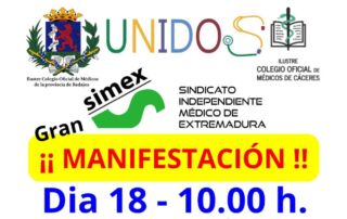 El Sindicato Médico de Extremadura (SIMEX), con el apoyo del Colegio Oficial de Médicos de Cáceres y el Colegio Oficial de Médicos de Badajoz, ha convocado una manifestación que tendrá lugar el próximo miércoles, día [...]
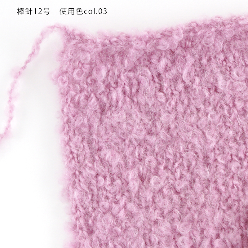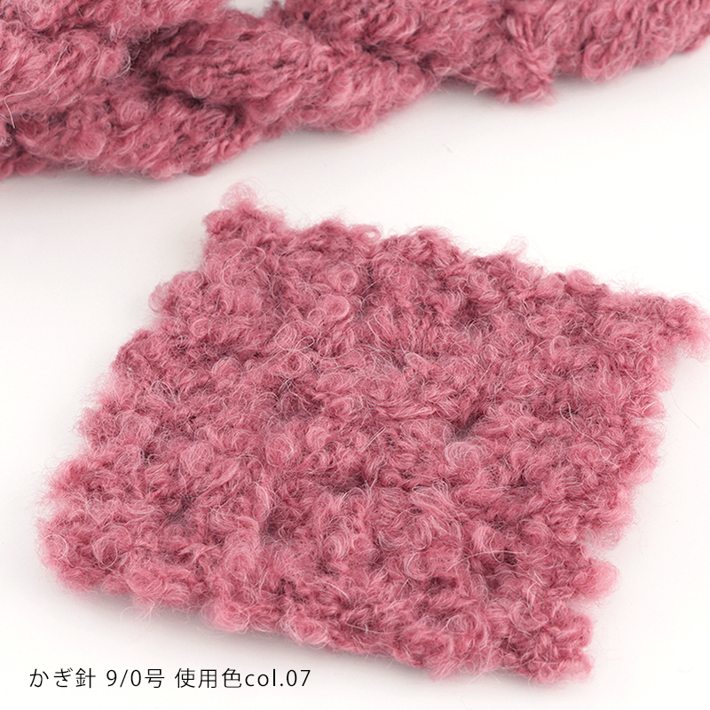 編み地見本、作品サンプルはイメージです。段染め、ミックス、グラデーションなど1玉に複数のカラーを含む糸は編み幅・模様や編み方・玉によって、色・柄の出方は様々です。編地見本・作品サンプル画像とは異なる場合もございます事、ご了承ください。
...
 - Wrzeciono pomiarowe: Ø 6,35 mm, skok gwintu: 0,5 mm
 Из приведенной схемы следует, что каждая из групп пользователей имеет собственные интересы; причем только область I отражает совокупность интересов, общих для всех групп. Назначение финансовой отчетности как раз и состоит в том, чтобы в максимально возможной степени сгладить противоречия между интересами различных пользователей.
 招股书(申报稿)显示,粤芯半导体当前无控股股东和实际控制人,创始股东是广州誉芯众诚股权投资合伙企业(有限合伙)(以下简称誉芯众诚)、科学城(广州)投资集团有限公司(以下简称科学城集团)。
* * *
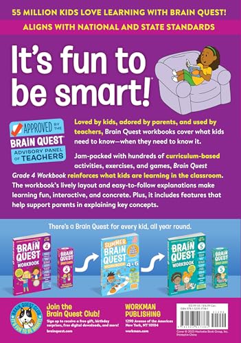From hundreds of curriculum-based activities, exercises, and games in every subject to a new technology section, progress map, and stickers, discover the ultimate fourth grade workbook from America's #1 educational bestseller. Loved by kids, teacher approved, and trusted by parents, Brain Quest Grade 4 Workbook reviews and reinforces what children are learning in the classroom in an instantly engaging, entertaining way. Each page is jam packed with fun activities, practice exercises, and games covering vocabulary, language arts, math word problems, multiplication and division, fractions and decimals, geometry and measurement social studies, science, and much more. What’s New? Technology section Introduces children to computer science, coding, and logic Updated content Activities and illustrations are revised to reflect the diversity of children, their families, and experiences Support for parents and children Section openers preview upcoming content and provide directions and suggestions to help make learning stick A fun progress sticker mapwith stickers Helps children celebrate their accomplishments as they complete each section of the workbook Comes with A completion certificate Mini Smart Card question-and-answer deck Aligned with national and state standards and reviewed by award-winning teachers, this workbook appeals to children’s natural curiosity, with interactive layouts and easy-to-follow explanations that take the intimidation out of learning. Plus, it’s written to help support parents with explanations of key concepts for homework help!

▶ [Task details]:
Please return only the lines above, starting at the line that has "- Wrzeciono pomiarowe: Ø" and ending at the line that has "招股书(申报稿)显示,粤芯半", keeping both and leaving each one unchanged.

▶ [Reply]:
 - Wrzeciono pomiarowe: Ø 6,35 mm, skok gwintu: 0,5 mm
 Из приведенной схемы следует, что каждая из групп пользователей имеет собственные интересы; причем только область I отражает совокупность интересов, общих для всех групп. Назначение финансовой отчетности как раз и состоит в том, чтобы в максимально возможной степени сгладить противоречия между интересами различных пользователей.
 招股书(申报稿)显示,粤芯半导体当前无控股股东和实际控制人,创始股东是广州誉芯众诚股权投资合伙企业(有限合伙)(以下简称誉芯众诚)、科学城(广州)投资集团有限公司(以下简称科学城集团)。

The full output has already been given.